Мы сегодня третий раз за неделю пойдем. Рота на отдыхе, мойся, сколько влезет, письма пиши или дрыхни в палатке как ленивый кот. Воду каждый день привозят из Ханкалы, чистую, без дизентерии и холеры, лей, не жалей.

Баклан треплется:
- … а потом открывает, а там до самого верха всякие одежды набросаны и «калаш» новенький, весь в масле…

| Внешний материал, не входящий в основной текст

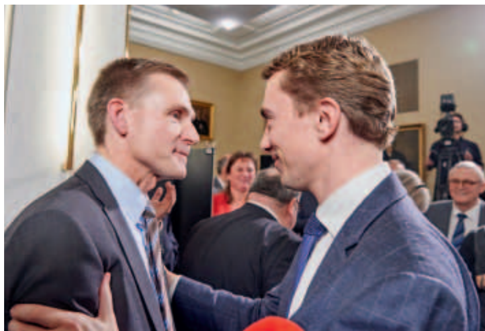
En glad og lettet Morten Messerschmidt fejrede det gode resultat af afstemningen om retsforbeholdet sammen med andre glade DF’ere i Snapstinget på Christiansborg – her i selskab med Kristian Thulesen Dahl.

”Denne valgaften bør i virkeligheden være begyndelsen på noget helt nyt. Demokratiet virker. Vælgerne har talt. Nu er det op til politikerne at lytte. Jeg håber, at splittelsen mellem befolkning og flertallet på Christiansborg er noget, der havner på historiens losseplads. Nu må ja-siden til at vågne op og erkende, at de har været ude af trit med deres vælgere. Det er ikke danskerne, der har taget fejl, men de politikere, som bilder sig ind, at Danmark skal ind til kernen af EU”. •
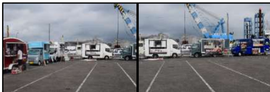
キッチンカーの様子
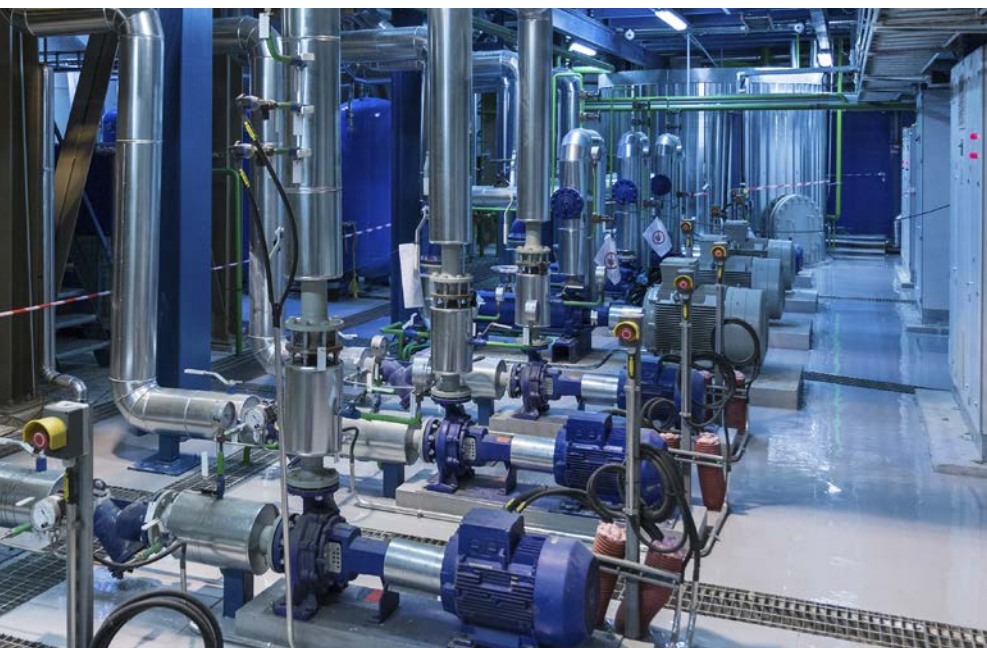
Применение для насосов (например, экономия энергии в автоматике зданий с преобразователями частоты)
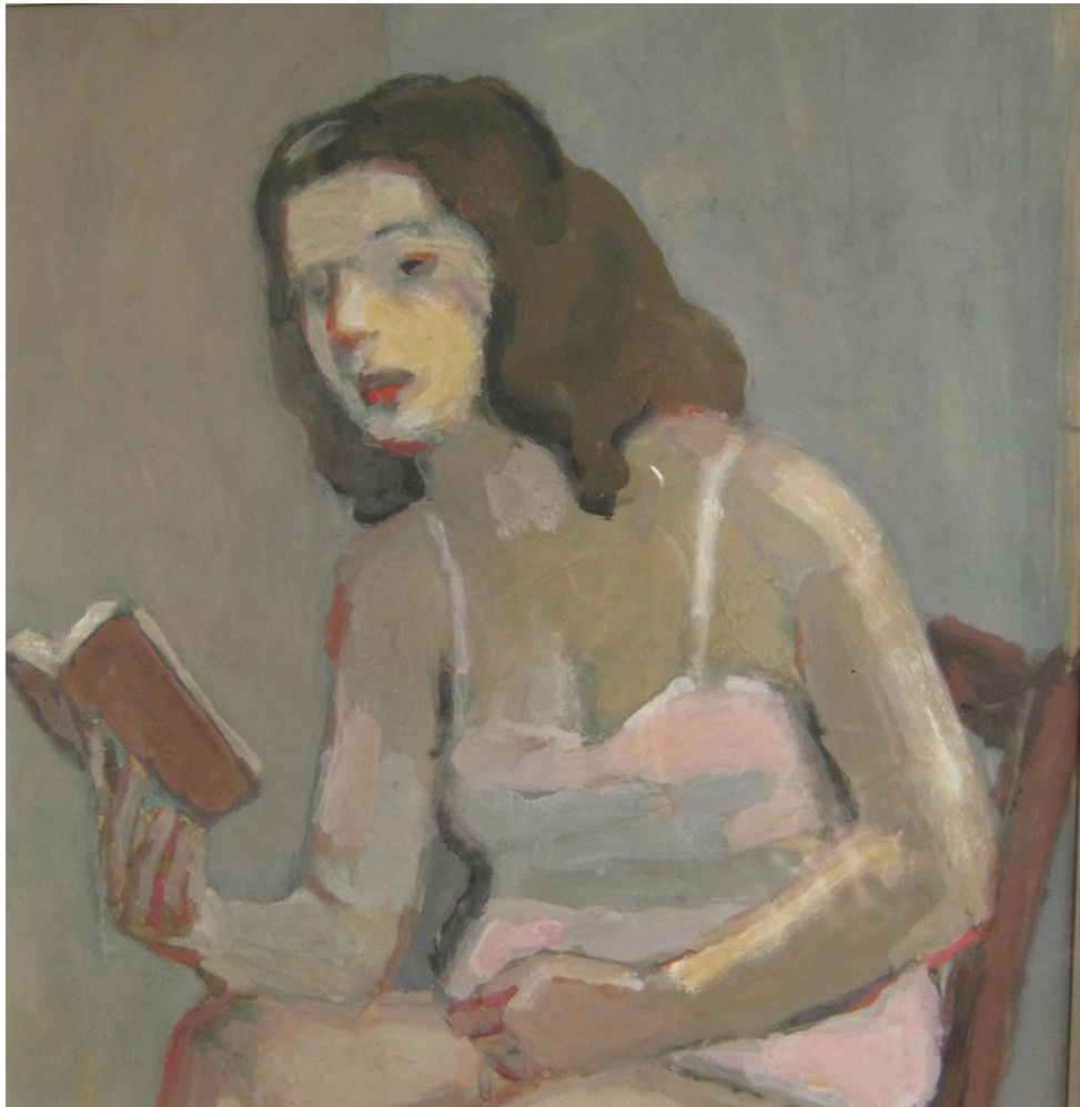
« Jeune femme lisant »

Ничего не стряслось, язык просто чешется. Он со второй ротой два дня назад под Шали летал на блокпост, сейчас хвастает, как геройствовал. Балбес.

Баклан (вообще-то его Виталькой зовут) маленький и широкий человек. С большим носом и вечно открытым ртом, потому что улыбается постоянно. Он веселый и в отличие от Лиса анекдоты рассказывать умеет. Он вообще из той категории людей, которые что ни скажут, все смешно. А если уж Баклан начнет вещать о своих любовных успехах, - живот трескается. Но и радист хороший, девятнадцать групп в минуту принимает, как ротный говорит «во всю маму».

Мы с Бакланом да еще пара пацанов начинали службу в роте связи, в разведку нас позже перевели. А здесь все пригодится. Хоть ты снайпер, хоть пулеметчик, хоть вице-король Индии. Тем более, если у тебя за плечами полгода учебы разведсвязи.

Наши в баню засобирались. Докурю, тоже пойду.

- Стриж! Стриж, иди к капитану, бегом!

Это меня. Зачем? Дежурным я уже отстоял, проколов за мной не было. Наверное, сказать что-нибудь.

В офицерской палатке душно, натоплено от самого сердца. Это замполит вечно мерзнет. Вернее, не замполит, а заместитель командира роты по воспитательной работе.
- Разрешите, Игорь Александрович.
- Заходи, как дела?
- Нормально.
- Домой пишешь?
- Пишу, регулярно.
- А тебе пишут?
- Пишут, регулярно.

Понятно, психологическая работа с личным составом. Чтоб никто не повесился от скуки, чтоб не подрался. Ну да с этим не ко мне, товарищ капитан, я этим не балуюсь. Хотя Негру из второй группы давно пора лицо пощупать, наглеет часто.
- Ну, молодец, Стриж.

Прозвище, а вернее, позывной – второе имя для радиста, и единственное на войне.
- Игорь Александрович, еще что-нибудь или идти можно?
Можно Машку за ляжку и в телегу с разбегу, понял?
«Разрешите», конечно «разрешите», всегда забываюсь.
Так точно, понял.

Сегодня четвертая рота идет за сопку, ты и Говор идете с ними. Пойдешь радистом, у старшины получи два пояса. Все.
Разрешите идти?
Давай, Вовчик, не горюй, я тебя от караула освобожу.
А я и не горюю. Просто в баню сходил.
Лис, давай пояса! Мы с Говором помылись уже!
- Давать – не мужское дело! Сам возьми, у меня два на зарядке, а два у вас где-то болтаются!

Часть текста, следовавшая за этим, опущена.